AlliBalliBaba avatar Jul 19 '25 08:07 AlliBalliBaba

I think there is a lot to do on the PHP side. For example, allowing function callbacks + state + objects to pass the thread boundary (TSRM makes these things thread-local IIRC).

withinboredom avatar Jul 19 '25 08:07 withinboredom

If you mean running the actual handler inside coroutine, then you would need to add suspending / resumption to the code that does IO in handler in a similar way how it's done for streams in https://github.com/true-async/php-src/blob/acced1b4b76e49c6fed2408dcba1379a4e6ce547/main/network_async.c . So you would probably need to have some sort of notifier that wakes up when the request is ready. Stream implementation is wrapping select / poll functions for that purpose.

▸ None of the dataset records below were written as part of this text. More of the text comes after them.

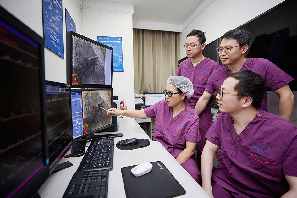 2. 精准化冠脉介入治疗:在省内率先开展了冠脉内超声检测(IVUS)、冠脉血流储备分数(FFR)、微循环阻力指数(IMR)等精确评估冠脉结构和功能病变的技术手段;常规开展冠脉内斑块旋磨术,省内率先开展激光斑块消蚀术。上述技术的应用使得复杂冠脉病变的成功率和安全性均得以提高。
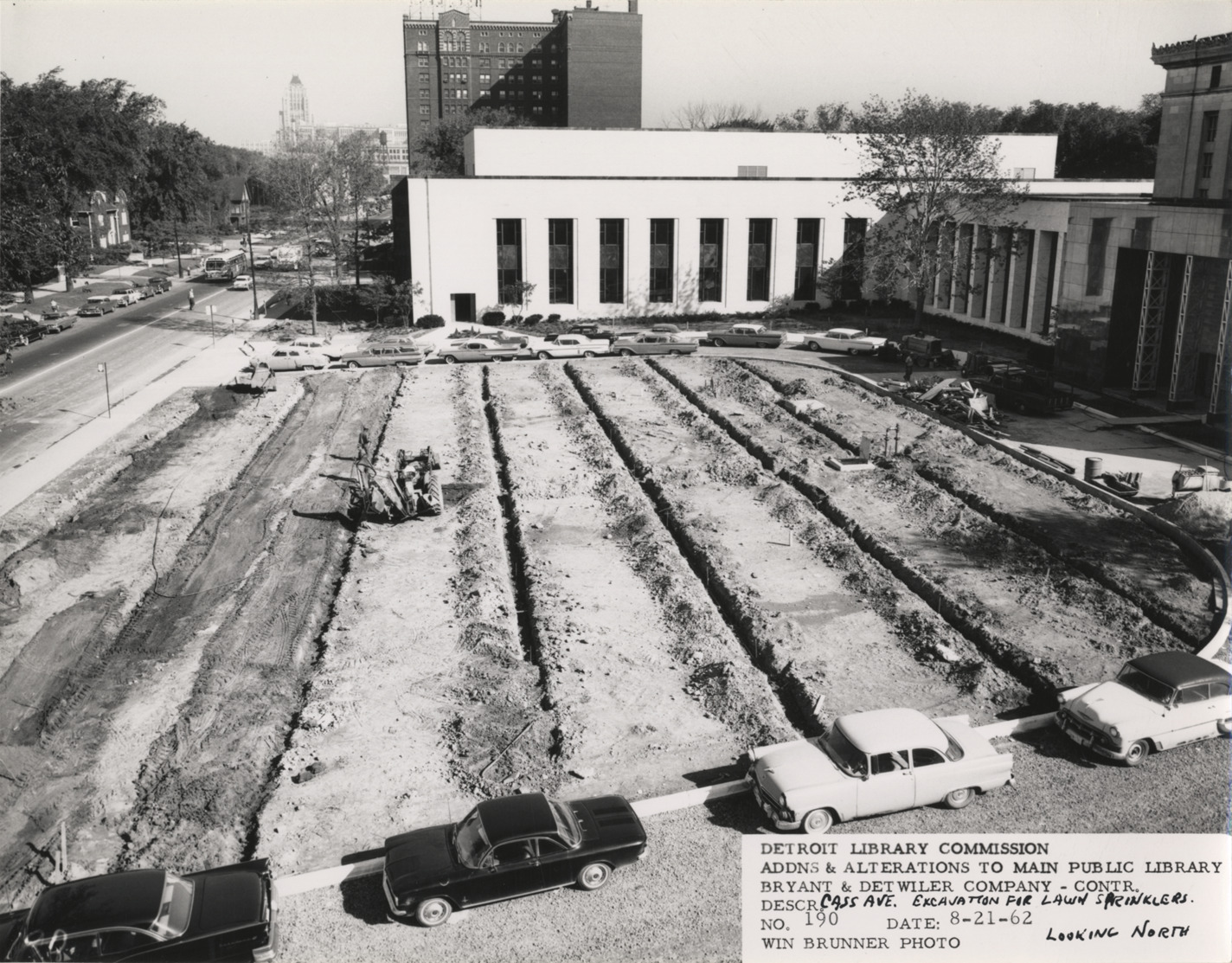 View of Cass Avenue lawn being excavated for lawn sprinklers at Main Library, Detroit Public Library. Automobiles parked in driveway; tractor in center of area. Printed on front: "Detroit Library Commission. Addns & alterations to Main Public Library. Bryant & Detwiler Company, contr. Descr. Cass Ave. excavation for lawn sprinklers, looking north. No. 190. Date: 8-21-62. Win Brunner, photo."
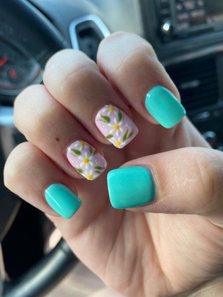 This design mixes glossy aqua square nails with blush-pink accent nails covered in tiny white flowers, dot and leafy details. It feels fresh and light, with a soft floral summer vibe that’s sweet but still modern.
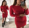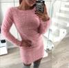 SCIONE Women Plush Round Neck Casual Sweater Loose Sleeve Long Sleeve Round Neck Plush Dress
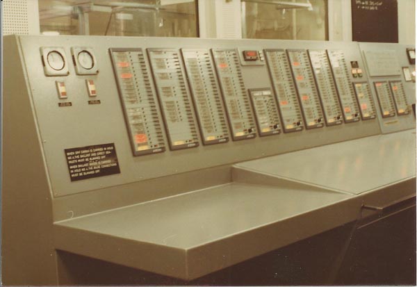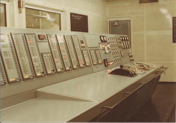 | These photos show the alarm panel and main engine controls in the control room. | ||

bukka avatar Jul 19 '25 19:07 bukka

If you mean running the actual handler inside coroutine

This is what I was referring to. If we were to throw these things onto a go routine, go may or may not keep that in the same executing thread. Go expects memory to be shared at the runtime level (if I understand the internals correctly -- I once took a deep dive into it to see how SSA was implemented compared to opcache).

But anyway, we can always lock a go routine to the current thread, but that defeats the purpose? I think we need to address TSRM sooner than later. I like opcache's approach to put everything in shared memory and then just ensure things don't overlap (similar to go, really) except for very special cases. For example, there's no reason that CG(compiler_options) be thread-local, only that we read from the executing requests block of memory.

withinboredom avatar Jul 19 '25 19:07 withinboredom

We'd probably need https://github.com/php/php-src/pull/16565 as well, so we don't need an exclusive lock to read shared state.

withinboredom avatar Jul 19 '25 19:07 withinboredom

Yeah it cannot be execute from multiple threads. This might be quite tricky to handle in go though.

bukka avatar Jul 19 '25 19:07 bukka

Running on go threads and the request being async are 2 different things. You can run PHP asynchronously in a node/swoole-like model with each thread having its own memory. And you can run PHP on go threads even without it being async (with a custom TSRM implementation).

Best case scenario would be having both, and I think the first might even need to happen before the second.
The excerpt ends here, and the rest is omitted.